AI Legacy Application Alignment with Reference Architecture
Find Innovative SolutionsGenerate Solutions
Solution Overview
Problem
Software development and modernization processes are time-consuming due to the need for manual analysis and alignment of legacy applications with reference architectures, which lack efficient automation tools.
Innovation Solution
An artificial intelligence-enabled system that compares legacy applications with reference architecture documents, recommending steps and sequences of operations to align them, and performs historical analysis to update the reference architecture, identifying necessary security, configuration, and cloud deployment adjustments using neural network-based computational learning mechanisms.
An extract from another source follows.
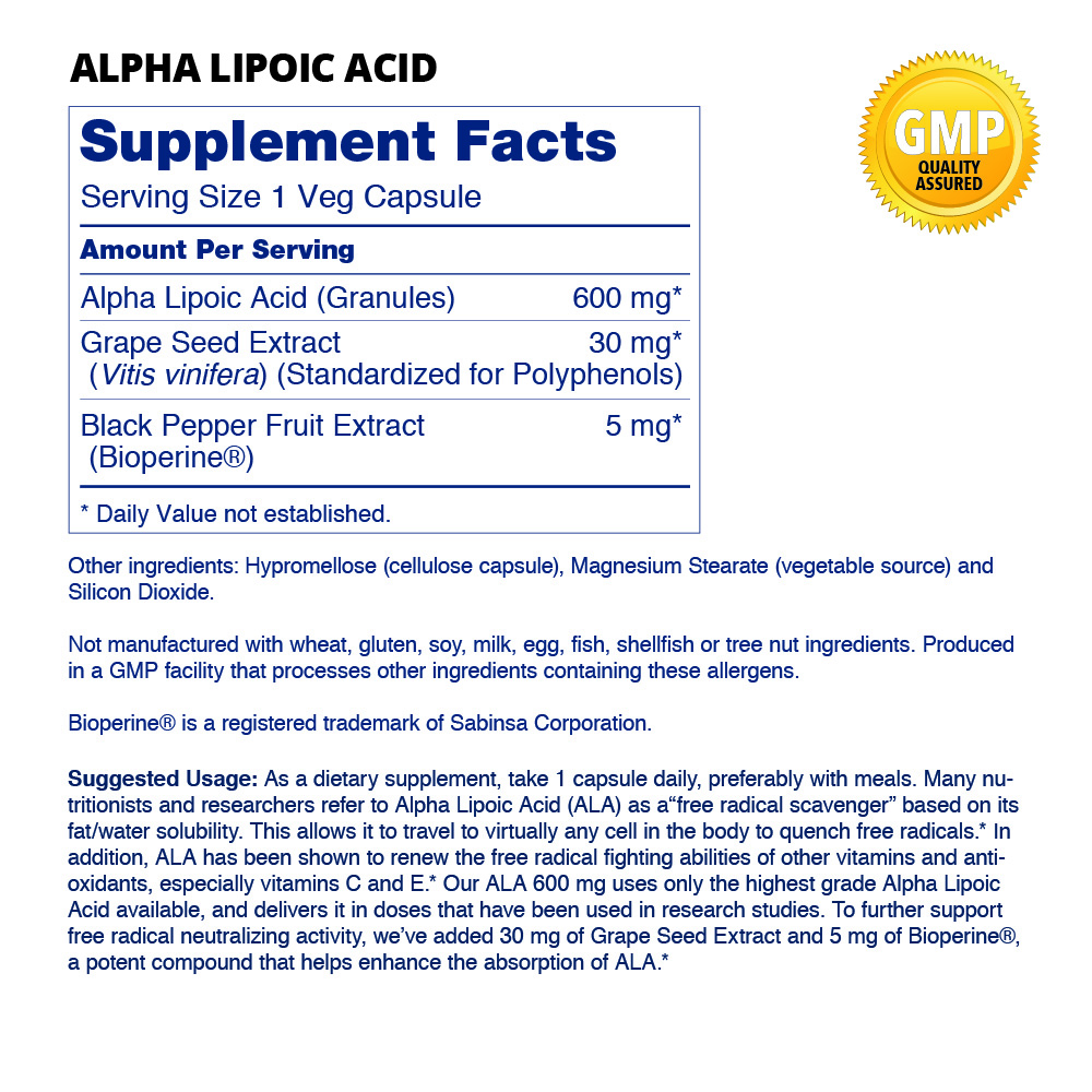 Suggested Usage: As a dietary supplement, take 1 capsule daily, preferably with meals, or as directed by your healthcare provider. Many nutritionists and researchers refer to Alpha Lipoic Acid (ALA) as a“free radical scavenger” based on its fat/water solubility. This allows it to travel to virtually any cell in the body to quench free radicals.* In addition, ALA has been shown to renew the free radical fighting abilities of other vitamins and antioxidants, especially vitamins C and E.* Our ALA 600 mg uses only the highest grade Alpha Lipoic Acid available, and delivers it in doses that have been used in research studies. To further support free radical neutralizing activity, we’ve added 30 mg of Grape Seed Extract and 5 mg of Bioperine®, a potent compound that helps enhance the absorption of ALA.*

Engineering Contradictions & Design Principles
Engineering Contradiction Analysis
1Measurement precision
If manual analysis and alignment processes are used to align legacy applications with reference architectures, then alignment accuracy can be maintained, but the time and effort required increases significantly
Solution Approach 1:
The patent replaces manual mechanical analysis processes with an automated AI-based system that uses machine learning models to analyze legacy application code, architecture diagrams, and documentation. The system automatically compares these artifacts against reference architecture standards, generating alignment assessments and modernization recommendations without human intervention, thus eliminating the time-consuming manual effort while maintaining accuracy through algorithmic analysis
Solution Approach 2:
The patent introduces an AI-based intermediary system that acts as a mediator between legacy applications and reference architectures. This intermediary automatically analyzes application artifacts, evaluates compliance with reference architecture principles, and generates detailed alignment reports, thereby bridging the gap between existing systems and target architectures without requiring direct manual comparison efforts
2Manufacturing precision
If comprehensive analysis of legacy applications is performed to ensure proper alignment with reference architectures, then alignment quality improves, but the complexity of the process increases
Solution Approach 1:
The patent segments the comprehensive analysis process into distinct modular components: artifact collection modules that gather different types of application data, analysis modules that evaluate specific alignment aspects, and reporting modules that generate targeted recommendations. This segmentation allows the complex analysis to be performed systematically through multiple specialized AI models working in parallel, reducing overall process complexity while maintaining comprehensive coverage
Solution Approach 2:
The patent creates a universal AI-based alignment system that can analyze multiple types of application artifacts (code, diagrams, documentation) against various reference architecture frameworks using the same core platform. The system employs multi-functional AI models that can adapt to different analysis requirements, eliminating the need for separate complex processes for each artifact type and enabling comprehensive analysis through a unified approach
3Productivity
If automated tools are introduced to speed up the alignment process, then productivity increases, but the precision of alignment assessment may deteriorate
Solution Approach 1:
The patent replaces manual precision-based assessment with automated AI models trained on extensive datasets of application architectures and reference standards. These models use pattern recognition and machine learning algorithms to achieve high-precision alignment assessment automatically, eliminating the trade-off between automation speed and assessment accuracy that plagues traditional approaches
Solution Approach 2:
The patent implements feedback mechanisms where the AI system generates initial alignment assessments, receives validation input from domain experts or additional analysis data, and continuously refines its models. This feedback loop ensures that automated assessments maintain high precision by learning from real-world validation cases while preserving rapid automated processing capabilities
Data Source
AI summary
A reference architecture document and a legacy application are provided. An artificial intelligence enabled application compares the legacy application to the reference architecture document to recommend steps and sequences of operations to align the legacy application with the reference architecture document. The legacy application is updated to conform to requirements indicated in the reference architecture document, based on the recommended steps and sequences of operations.